◆ **Work required**:
Please copy the lines below, exactly as they are, from the one with "item Model: LC-90LE657U" through the one with "Offerta Outlet su", and leave out the pictures.

◆ **The data**:
+ + + +
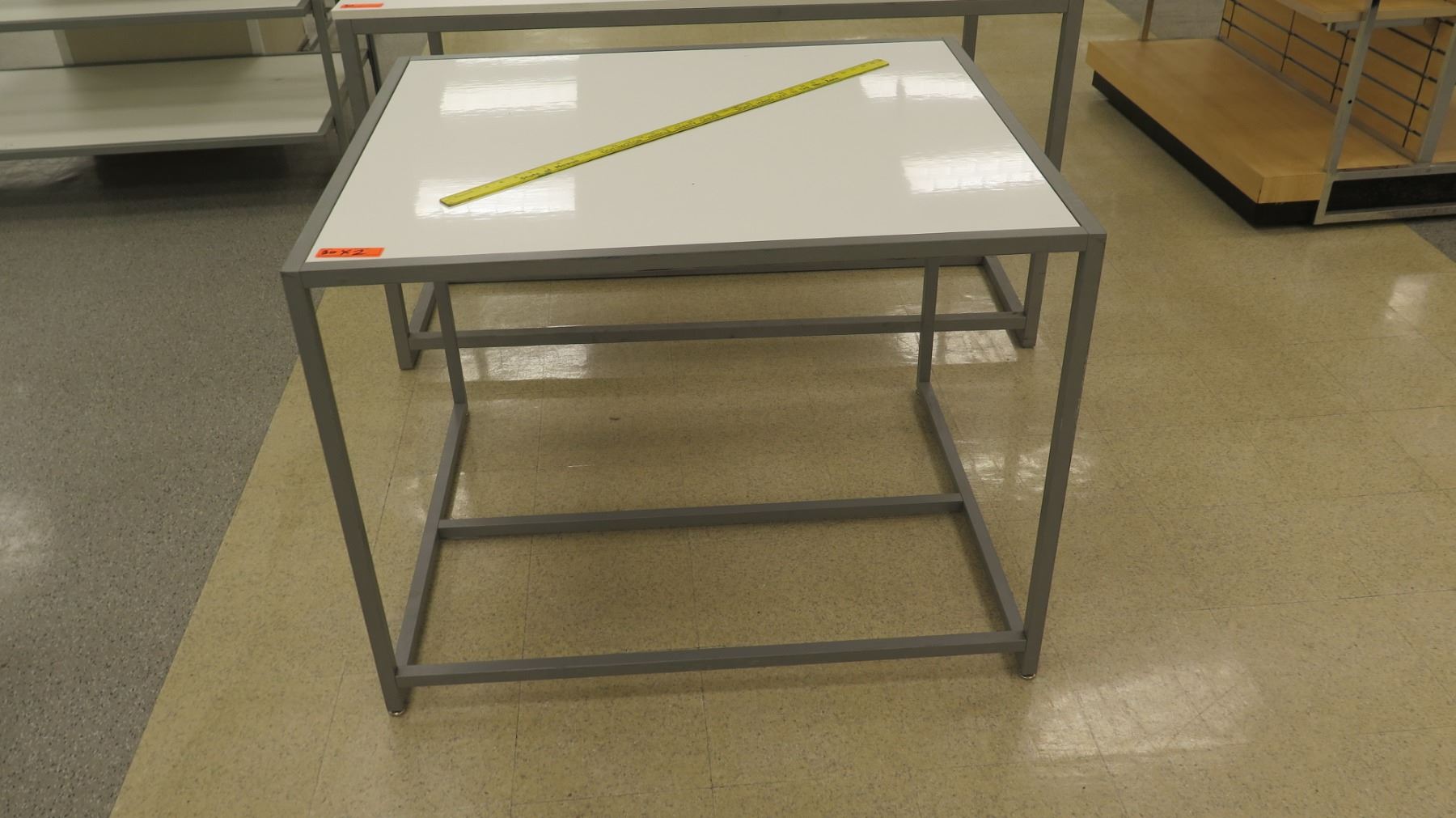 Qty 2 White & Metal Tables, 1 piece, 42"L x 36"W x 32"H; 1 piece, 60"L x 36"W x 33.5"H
+ + + +
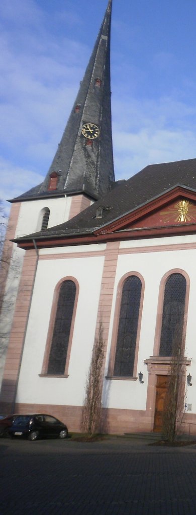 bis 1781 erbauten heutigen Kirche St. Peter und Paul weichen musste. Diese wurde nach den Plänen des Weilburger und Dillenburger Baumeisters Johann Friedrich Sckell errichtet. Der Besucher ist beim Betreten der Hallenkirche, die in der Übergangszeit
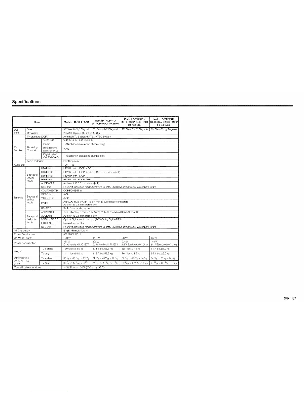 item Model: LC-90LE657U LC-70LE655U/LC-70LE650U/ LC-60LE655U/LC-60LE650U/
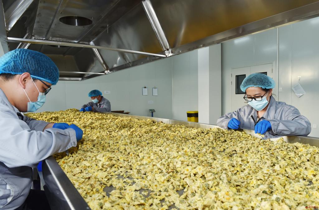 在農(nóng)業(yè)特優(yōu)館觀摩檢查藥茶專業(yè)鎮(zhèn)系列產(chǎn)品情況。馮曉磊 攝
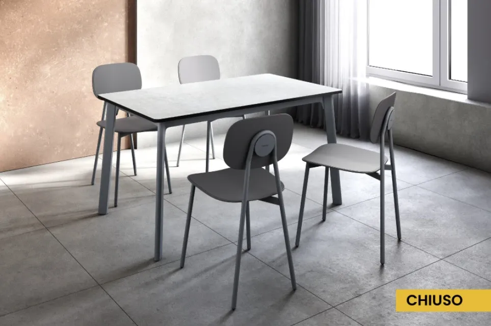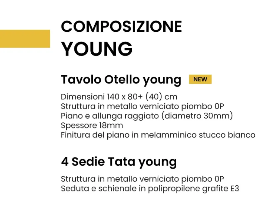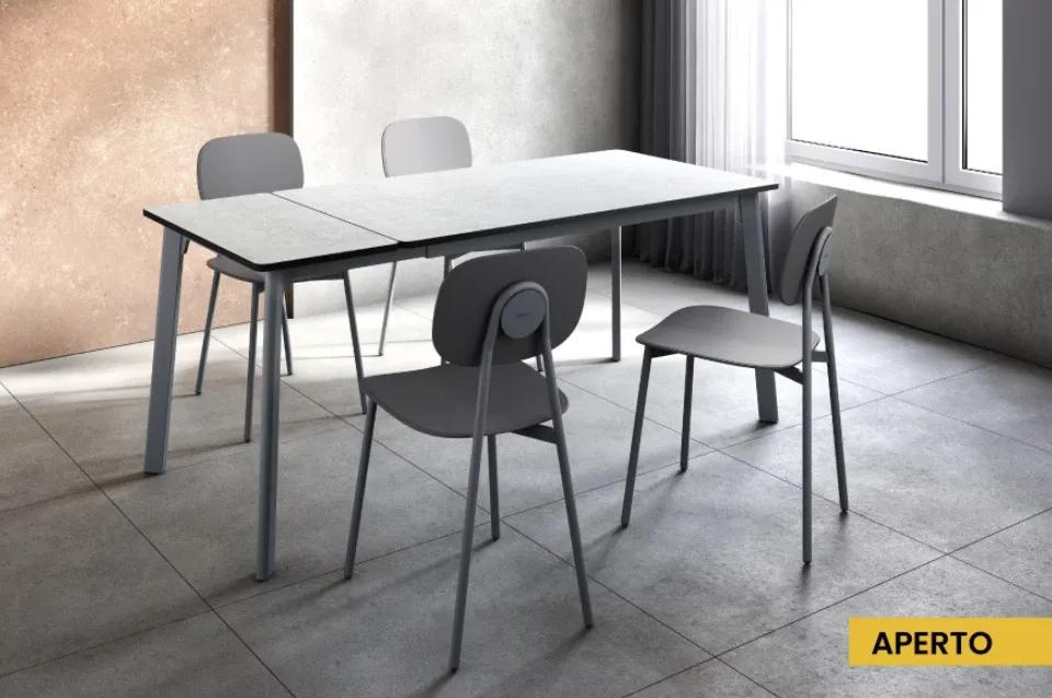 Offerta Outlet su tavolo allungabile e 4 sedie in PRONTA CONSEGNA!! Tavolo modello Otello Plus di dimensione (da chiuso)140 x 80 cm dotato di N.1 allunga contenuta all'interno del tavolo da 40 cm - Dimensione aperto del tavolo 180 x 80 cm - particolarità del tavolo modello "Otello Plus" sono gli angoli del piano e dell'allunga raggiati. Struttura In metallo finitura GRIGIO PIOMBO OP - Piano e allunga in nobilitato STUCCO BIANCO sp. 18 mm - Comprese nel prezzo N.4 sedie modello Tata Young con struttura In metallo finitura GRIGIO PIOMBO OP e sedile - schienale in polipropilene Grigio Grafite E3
+ + + +
◆ **Result below**:
 item Model: LC-90LE657U LC-70LE655U/LC-70LE650U/ LC-60LE655U/LC-60LE650U/
 在農(nóng)業(yè)特優(yōu)館觀摩檢查藥茶專業(yè)鎮(zhèn)系列產(chǎn)品情況。馮曉磊 攝
 Offerta Outlet su tavolo allungabile e 4 sedie in PRONTA CONSEGNA!! Tavolo modello Otello Plus di dimensione (da chiuso)140 x 80 cm dotato di N.1 allunga contenuta all'interno del tavolo da 40 cm - Dimensione aperto del tavolo 180 x 80 cm - particolarità del tavolo modello "Otello Plus" sono gli angoli del piano e dell'allunga raggiati. Struttura In metallo finitura GRIGIO PIOMBO OP - Piano e allunga in nobilitato STUCCO BIANCO sp. 18 mm - Comprese nel prezzo N.4 sedie modello Tata Young con struttura In metallo finitura GRIGIO PIOMBO OP e sedile - schienale in polipropilene Grigio Grafite E3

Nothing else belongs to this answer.